Anyways just youtube brine shrimp hatchery. Lots of instructional videos on ho to make a brine shrimp hatchery will come up.


----------



## sam9953 (Feb 11, 2010)

kelly528 said:


> For hatching brine shrimp you need:
> 
> -Aquarium salt or any approved aquarium salt substitute (ie Kosher Salt)
> -A 2L pop bottle
> ...


thanks a lot for that but i was thinking of using a container instead of that bottle and would sea salt or common cooking salt be ok?


----------



## kelly528 (Aug 31, 2009)

As long as it could be condisered safe as 'aquarum salt', ie the first and only ingredient is sodium chloride.

And you could use a different container but many people find that in anything other than a pop bottle the brine shrimp eggs tend to collect in the corners and don't hatch due to alck of circulation. If you look up a tutorial you will see how the placement of an airstone in a bottle keeps the brine eggs in constant movement.


----------



## sam9953 (Feb 11, 2010)

kelly528 said:


> As long as it could be condisered safe as 'aquarum salt', ie the first and only ingredient is sodium chloride.
> 
> And you could use a different container but many people find that in anything other than a pop bottle the brine shrimp eggs tend to collect in the corners and don't hatch due to alck of circulation.
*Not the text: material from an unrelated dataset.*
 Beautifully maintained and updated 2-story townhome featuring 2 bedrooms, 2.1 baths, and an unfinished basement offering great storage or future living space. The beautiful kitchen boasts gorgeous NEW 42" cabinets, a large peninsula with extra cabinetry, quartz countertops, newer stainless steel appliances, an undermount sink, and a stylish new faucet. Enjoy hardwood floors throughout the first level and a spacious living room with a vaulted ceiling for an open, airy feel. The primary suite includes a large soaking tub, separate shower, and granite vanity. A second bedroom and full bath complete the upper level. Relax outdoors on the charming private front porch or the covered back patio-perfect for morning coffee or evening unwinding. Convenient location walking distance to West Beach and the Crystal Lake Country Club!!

If you look up a tutorial you will see how the placement of an airstone in a bottle keeps the brine eggs in constant movement.
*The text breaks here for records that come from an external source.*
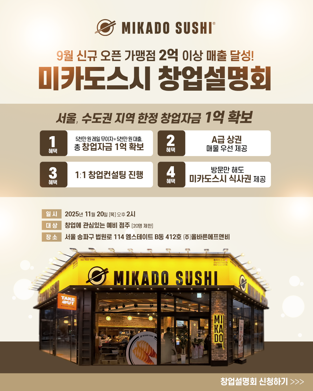 성공적인 창업의 첫걸음, 미카도스시와 함께하실 수 있습니다!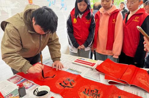 翰墨飘香迎新春,春联送福暖人心。恰逢新春佳节来临之际,龙岩华侨职业中专学校黄水庆老师、曾帆老师和丘马武老师带领书法社同学,走进云墅小区开展写春联送祝福活动。此次活动既是学校今年与北关社区开启党建共建后的首场文化互动,也是传承中华优秀传统文化、践行志愿服务精神的具体实践。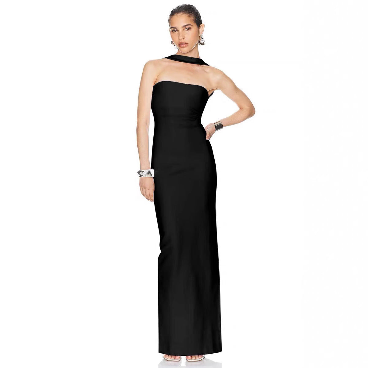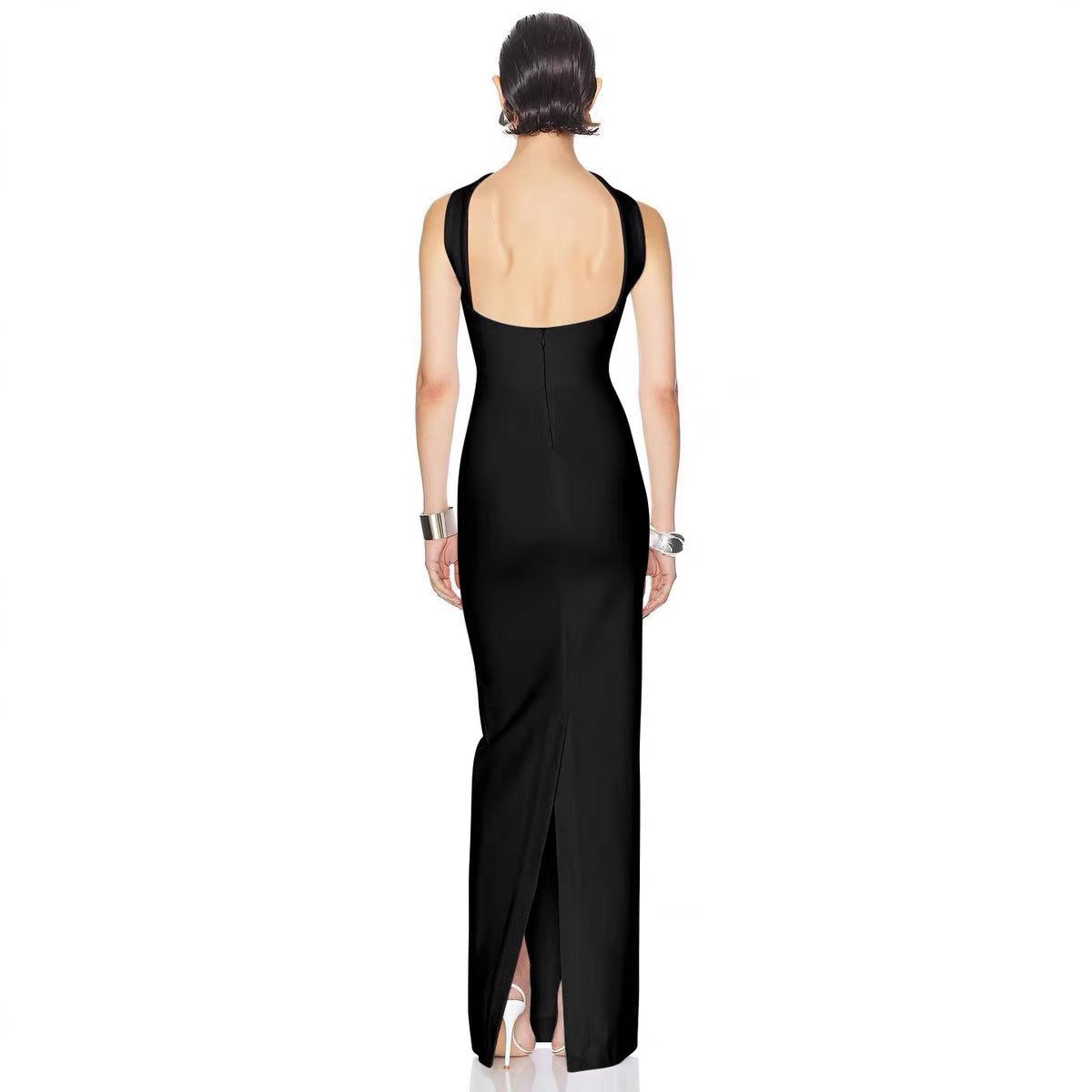 Dadizhimu Girls Hanging Neck Sleeveless Dress Sexy Bare Back Tight Body Open Fork Banded Skirt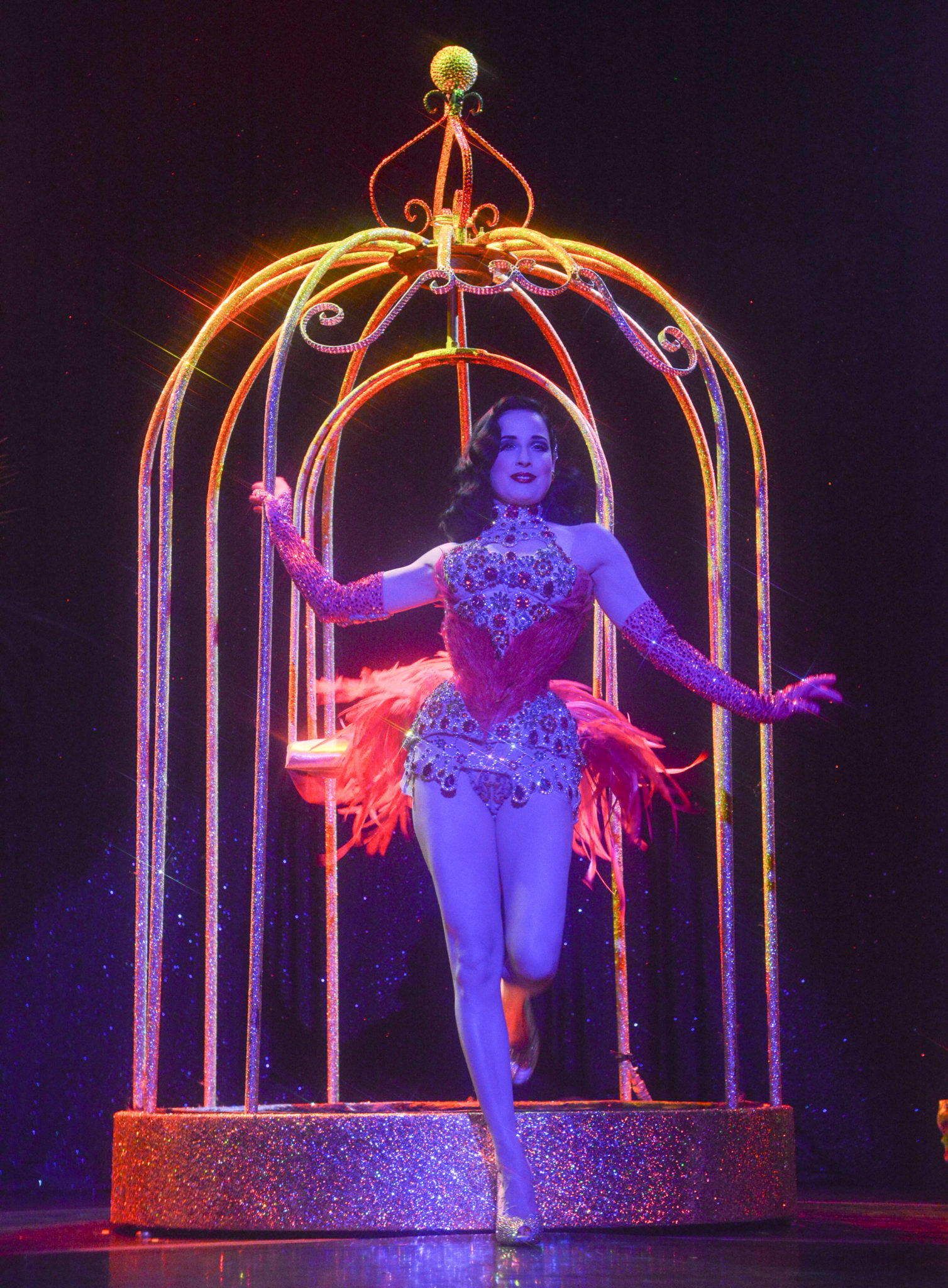 Choosing her famed routine, Bird of Paradise, as her third act, Dita Von Teese appeared inside a glittering cage wearing a costume made entirely of exotic magenta pheasant feathers. Reinventing the traditional fan dance, she playfully strutted the stage, flirting with the audience as she ended her dance perched inside of the cage, which was now spinning, on a swing.

Ah ok and i would also like to know that these rine shrimps which i am growing are they good only for the adult fishes or will they be good enough for the small fishes and how much time will it take for the eggs to hatch out?


----------



## iamntbatman (Jan 3, 2008)

Well you won't likely be able to raise your brine shrimp to adulthood (maybe a few of them, but not the whole packet of eggs) so brine shrimp hatcheries are more useful for hatching baby brine shrimp to use as food for fry.


----------



## sam9953 (Feb 11, 2010)

iamntbatman said:


> Well you won't likely be able to raise your brine shrimp to adulthood (maybe a few of them, but not the whole packet of eggs) so brine shrimp hatcheries are more useful for hatching baby brine shrimp to use as food for fry.


oh thanks for telling me that plus will it be a good source of food for the adult fishes as well?


----------



## kelly528 (Aug 31, 2009)

If they can see them... my endlers love them but my betta can't even see them, let alone eat them. They are just too small for anything over 2" IMO.


----------



## sam9953 (Feb 11, 2010)

kelly528 said:


> If they can see them... my endlers love them but my betta can't even see them, let alone eat them. They are just too small for anything over 2" IMO.


oh so that is the case and guys tell me that i baking soda also important for hatching them or is salt sufficient?


----------



## sam9953 (Feb 11, 2010)

Well guys i have tried to search in my local supermarket but no where i could find non-iodized salt so please tell me will my brine shrimp grow well if i use the normal iodized salt?


----------